--- Data for processing ---
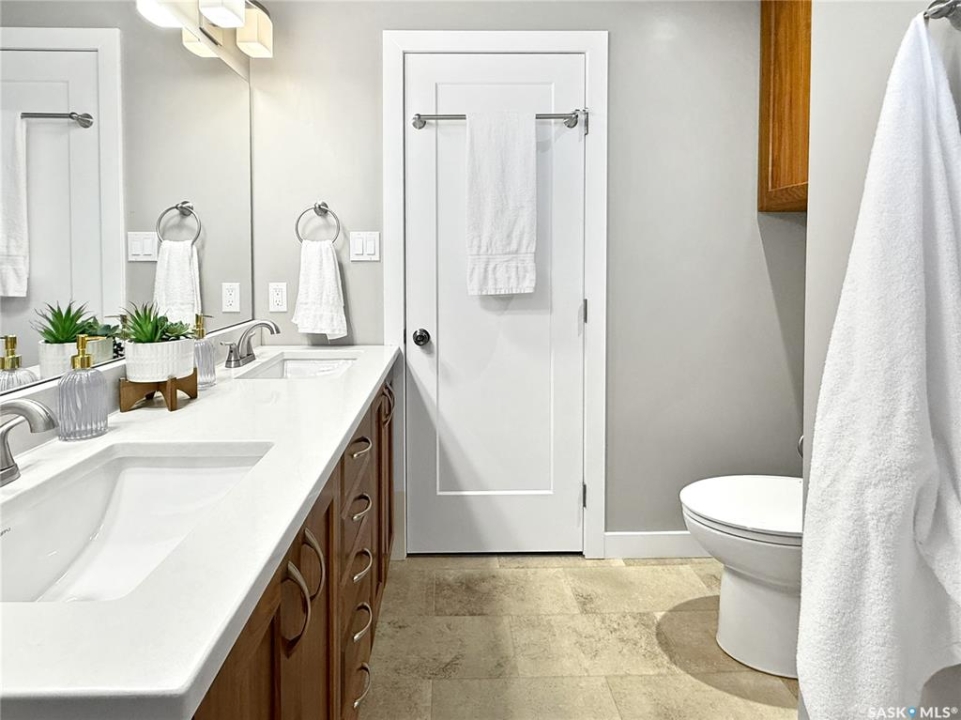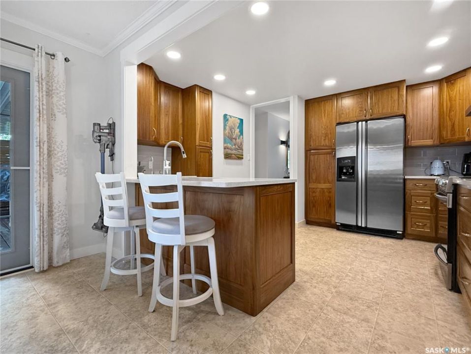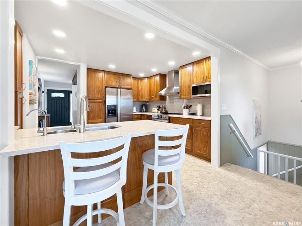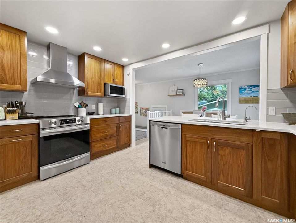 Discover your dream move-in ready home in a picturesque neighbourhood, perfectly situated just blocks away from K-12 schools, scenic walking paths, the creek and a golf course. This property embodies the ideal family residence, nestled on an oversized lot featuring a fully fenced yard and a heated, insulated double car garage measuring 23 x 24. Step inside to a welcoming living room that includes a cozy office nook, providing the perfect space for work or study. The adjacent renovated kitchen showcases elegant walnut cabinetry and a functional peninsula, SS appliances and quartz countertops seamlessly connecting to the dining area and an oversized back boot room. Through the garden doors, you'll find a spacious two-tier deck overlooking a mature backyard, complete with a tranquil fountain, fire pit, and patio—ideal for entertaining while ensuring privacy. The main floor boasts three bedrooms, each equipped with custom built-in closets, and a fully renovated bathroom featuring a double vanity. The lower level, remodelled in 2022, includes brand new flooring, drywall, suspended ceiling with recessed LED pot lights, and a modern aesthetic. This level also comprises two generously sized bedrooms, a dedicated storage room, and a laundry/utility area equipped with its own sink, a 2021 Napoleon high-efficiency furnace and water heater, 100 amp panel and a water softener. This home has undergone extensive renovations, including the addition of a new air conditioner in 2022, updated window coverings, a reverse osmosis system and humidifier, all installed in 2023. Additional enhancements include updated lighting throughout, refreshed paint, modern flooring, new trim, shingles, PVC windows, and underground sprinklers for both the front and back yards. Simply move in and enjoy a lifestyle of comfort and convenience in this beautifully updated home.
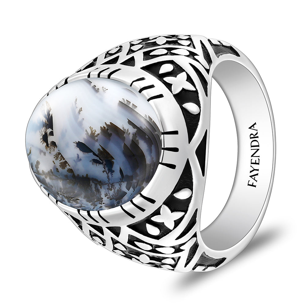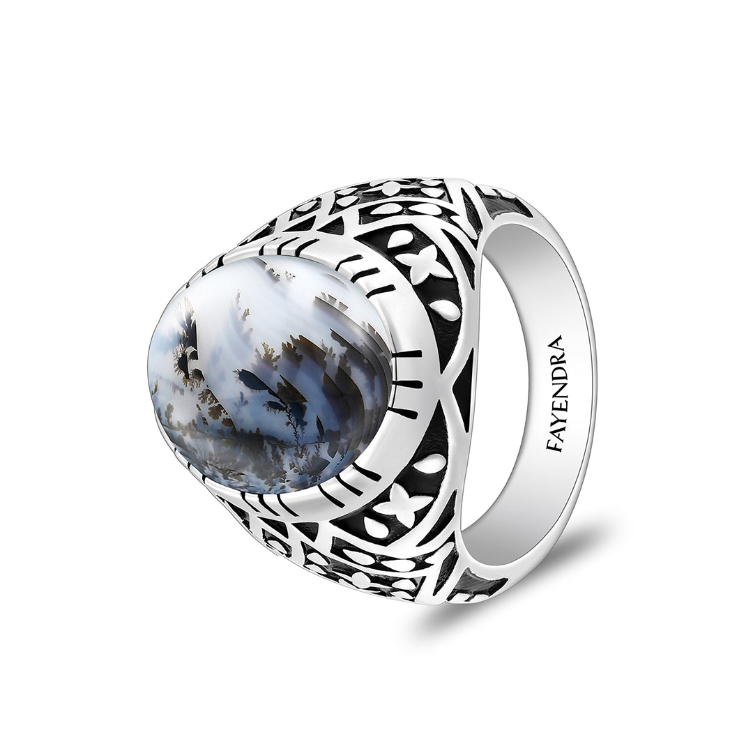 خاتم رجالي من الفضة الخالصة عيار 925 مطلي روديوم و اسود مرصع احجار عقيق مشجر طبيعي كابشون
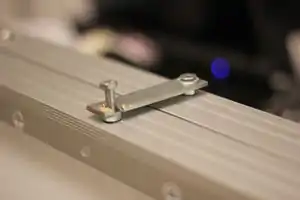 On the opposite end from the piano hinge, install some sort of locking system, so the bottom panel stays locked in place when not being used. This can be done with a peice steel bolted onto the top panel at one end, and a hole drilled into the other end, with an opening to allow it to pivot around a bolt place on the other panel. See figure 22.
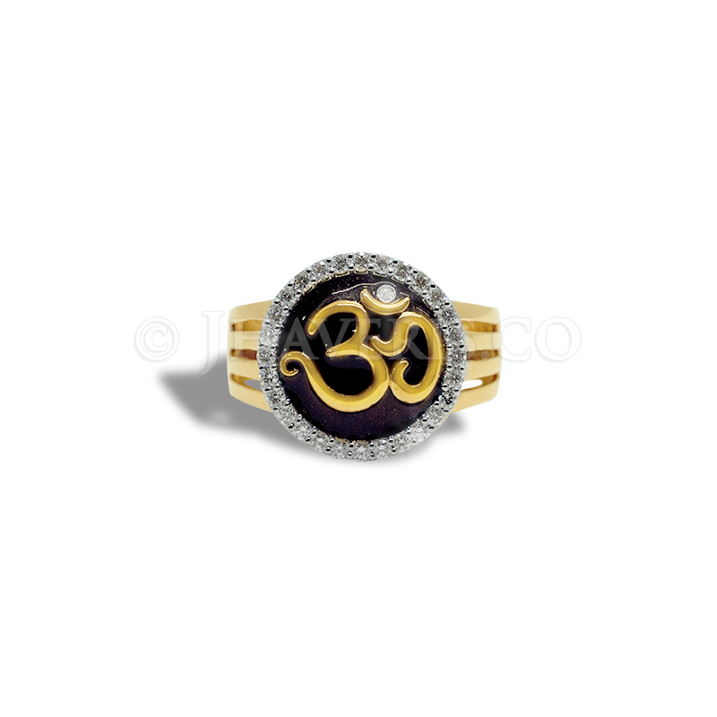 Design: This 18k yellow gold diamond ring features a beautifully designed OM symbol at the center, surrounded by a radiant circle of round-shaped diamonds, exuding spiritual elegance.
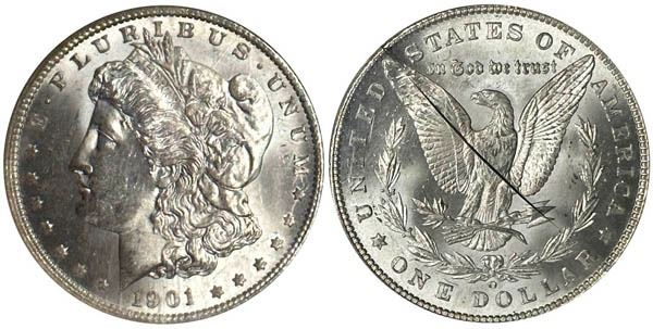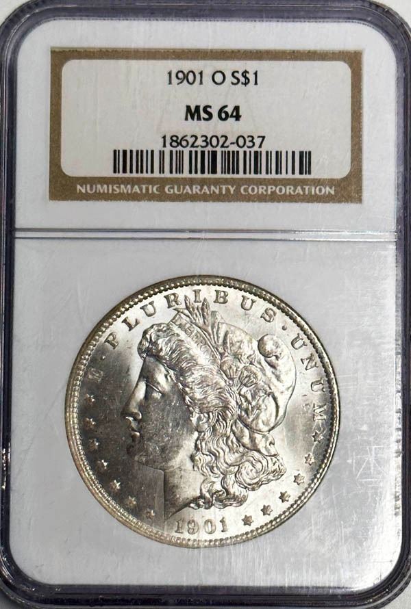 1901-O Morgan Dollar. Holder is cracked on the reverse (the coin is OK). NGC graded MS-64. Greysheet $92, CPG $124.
---
Description of the task: Extract, word for word, every line from the one containing "Design: This 18k" to the end of the data above, both ends included, and leave out the pictures.

Result of this task:
 Design: This 18k yellow gold diamond ring features a beautifully designed OM symbol at the center, surrounded by a radiant circle of round-shaped diamonds, exuding spiritual elegance.
 1901-O Morgan Dollar. Holder is cracked on the reverse (the coin is OK). NGC graded MS-64. Greysheet $92, CPG $124.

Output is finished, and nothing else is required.